As much as we might try to resist, endings happen in every moment—the end of a breath, the end of a day, the end of a relationship, and ultimately the end of life. And accompanying each ending is a beginning, though it may be unclear what the beginning holds. In How We Live Is How We Die, Pema Chödrön shares her wisdom for working with this flow of life—learning to live with ease, joy, and compassion through uncertainty, embracing new beginnings, and ultimately preparing for death with curiosity and openness rather than fear.

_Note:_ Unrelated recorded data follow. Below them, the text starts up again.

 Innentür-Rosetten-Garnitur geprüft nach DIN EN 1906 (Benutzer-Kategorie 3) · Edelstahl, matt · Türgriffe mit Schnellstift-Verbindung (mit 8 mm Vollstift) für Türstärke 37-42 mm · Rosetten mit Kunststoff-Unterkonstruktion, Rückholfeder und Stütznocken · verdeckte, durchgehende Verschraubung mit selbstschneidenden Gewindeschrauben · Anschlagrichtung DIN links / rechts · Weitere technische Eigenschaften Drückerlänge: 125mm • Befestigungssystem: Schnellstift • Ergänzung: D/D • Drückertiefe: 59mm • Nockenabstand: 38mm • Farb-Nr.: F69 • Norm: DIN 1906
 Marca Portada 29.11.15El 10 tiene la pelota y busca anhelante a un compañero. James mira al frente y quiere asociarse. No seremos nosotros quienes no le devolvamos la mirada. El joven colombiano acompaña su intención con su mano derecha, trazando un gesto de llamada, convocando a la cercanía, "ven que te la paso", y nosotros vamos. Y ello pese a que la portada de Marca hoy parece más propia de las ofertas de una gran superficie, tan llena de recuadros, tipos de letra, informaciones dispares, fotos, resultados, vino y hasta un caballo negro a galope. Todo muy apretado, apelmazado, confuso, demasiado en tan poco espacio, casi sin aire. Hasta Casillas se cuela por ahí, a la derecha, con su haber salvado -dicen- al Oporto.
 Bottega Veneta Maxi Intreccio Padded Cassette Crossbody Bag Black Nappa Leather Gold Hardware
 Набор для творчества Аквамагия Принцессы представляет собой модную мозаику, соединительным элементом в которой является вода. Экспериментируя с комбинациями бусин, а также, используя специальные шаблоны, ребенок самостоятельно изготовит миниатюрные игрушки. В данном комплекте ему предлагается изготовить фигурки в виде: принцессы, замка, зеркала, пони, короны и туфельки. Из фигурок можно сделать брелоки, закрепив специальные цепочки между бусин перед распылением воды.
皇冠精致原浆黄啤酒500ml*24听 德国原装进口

Poignant for readers of all ages, her teachings on the bardos—a Tibetan term referring to a state of transition, including what happens between this life and the next—reveal their power and relevance at each moment of our lives. She also offers practical methods for transforming life’s most challenging emotions about change and uncertainty into a path of awakening and love. As she teaches, the more freedom we can find in our hearts and minds as we live this life, the more fearlessly we’ll be able to confront death and what lies beyond. In all, Pema provides readers with a master course in living life fully and compassionately in the shadow of death and change.
My Notes (EWR)
Her writing seems to reflect a lifetime of dedication to her practice. What comes through is that she took and takes her practice very seriously and wants to share what she has learned with others. There's a certain kind of earnest compassion that comes through. Wholesome is another word that comes to mind.
As I read the descriptions of the various Bárdos I found myself thinking once again of the similarities between Buddhism and Catholicism. In Catholicism it was heaven, hell, purgatory and limbo. In both cases the lessons are how you live your life now will determine what happens in the afterlife.

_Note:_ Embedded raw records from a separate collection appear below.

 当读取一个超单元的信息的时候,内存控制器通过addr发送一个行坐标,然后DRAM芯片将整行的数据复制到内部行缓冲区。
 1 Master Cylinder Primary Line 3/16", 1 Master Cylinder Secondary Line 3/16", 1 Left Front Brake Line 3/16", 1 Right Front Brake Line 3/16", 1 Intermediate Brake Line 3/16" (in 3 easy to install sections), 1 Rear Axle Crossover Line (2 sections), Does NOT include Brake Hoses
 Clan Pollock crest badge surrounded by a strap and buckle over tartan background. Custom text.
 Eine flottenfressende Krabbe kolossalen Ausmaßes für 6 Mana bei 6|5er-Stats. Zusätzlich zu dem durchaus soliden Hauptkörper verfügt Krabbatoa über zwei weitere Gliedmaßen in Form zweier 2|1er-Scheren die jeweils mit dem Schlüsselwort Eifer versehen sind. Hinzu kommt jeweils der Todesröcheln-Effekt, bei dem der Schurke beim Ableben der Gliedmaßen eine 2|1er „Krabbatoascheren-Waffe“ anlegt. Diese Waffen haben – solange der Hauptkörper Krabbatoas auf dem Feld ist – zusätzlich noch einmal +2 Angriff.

I was appreciative of the fact that she tackles head on the issue of reincarnation, which is mostly ignored in the Buddhist literature that I am familiar with. It's a challenging concept, full of contradictions, suppositions, what looks like some very active imaginations. She suggests a way to deal with it is to suspend judgment and open yourself up to whatever lessons you might derive. That was a good advice because it allowed me to suspend my skepticism long enough to read through the descriptions, despite the fact that they seem bizarre and otherworldly.
I have a hard time with lists: 4 of this, 5 of that, and I tend to skim over those descriptions without much consideration. Some of that may be that I already have a map in my head of how to categorize my life experiences, and it resists revision and learning a new system.
I was trouble by the amount of attention she spends on Chogyam Trumpga. Perhaps elsewhere in other books she deals with his less wholesome habits, alcohol and womanizing. But it raises for me a core issue: what do you do when you find out the people that you seek to admire and learn from have significant flaws. Call it the Woody Allen syndrome, there's a part of me that never feels quite the same about people after I'm exposed to their shadow side.
A couple of passages I’d like to discuss further:
“Ignorance” as a destructive emotion is a little harder to understand. It’s a dull, indifferent state of mind that actually contains a deep level of pain. It can express itself as being out of touch, being mentally lethargic, not caring what we’re feeling or what others are going through. When this state of mind dominates us, it can turn into depression.”
“The five buddhas and all the other brilliant appearances are not the product of our usual confused, dualistic mind. They come from our true nature, which is ineffable, unprejudiced, and nondual.”